TP-Link TL-WA5110G termasuk dalam kategori access point sangat sederhana, mengingat masih menggunakan standar wireless 802.11g yang berkecepatan 54 Mbps serta hanya menyediakan 1 port kabel RJ45 di bagian belakang body-nya.
Dalam praktek, kecepatan maksimal transfer data secara wireless tersebut harus dibagi 2, menjadi 27 Mbps. Hal ini disebabkan oleh standar wireless tersebut belum mendukung penerimaan paket data dan pengiriman paket data secara bersamaan (full-duplex).

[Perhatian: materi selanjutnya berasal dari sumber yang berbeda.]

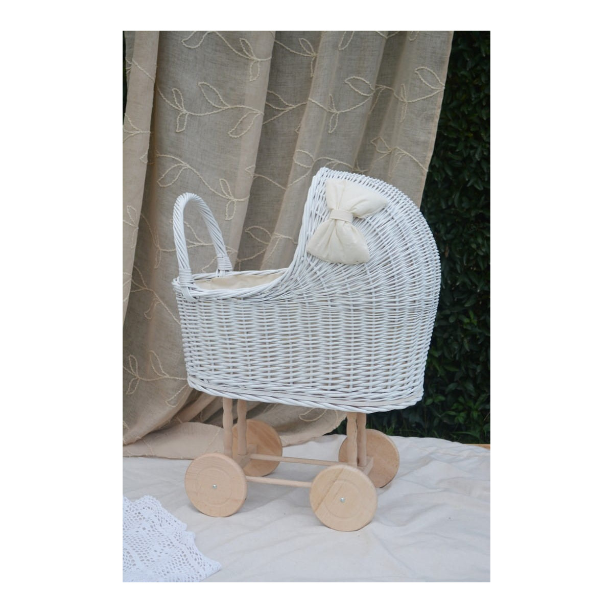 - Každý kočárek je dodáván s povlečením (polštářek a peřinka) a volánkem + vázacím mašlí (vnější část kočárku).

Port RJ45 tunggal berfungsi sebagai port koneksi LAN maupun WAN. Artinya, port
ini berfungsi sebagai koneksi LAN ketika digunakan untuk menghubungkan
diri ke komputer serta masuk ke dalam antarmuka web pengaturan
konfigurasi access point. Setelah pengaturan konfigursi selesai, port
tersebut dapat dimanfaatkan untuk menghubungkan peralatan-peralatan
lain yang ingin dibagi-pakai di jaringan lokal seperti NAS atau printer
jaringan. Untuk membagi-pakai koneksi internet, port RJ45 ini dihubungkan ke port
LAN modem (menggunakan koneksi alamat IP dinamis dari DHCP modem atau
menggunakan alamat IP yang satu kelas dengan alamat IP lokal milik
modem).
Untunglah, antena tunggal yang
digunakan oleh TP-Link TL-WA5110G bersifat lepas-tukar sehingga dapat
diganti dengan antena lain yang lebih tinggi sensitivitas penerimaan
sinyalnya serta lebih kuat daya pancar atau daya jangkau sinyalnya.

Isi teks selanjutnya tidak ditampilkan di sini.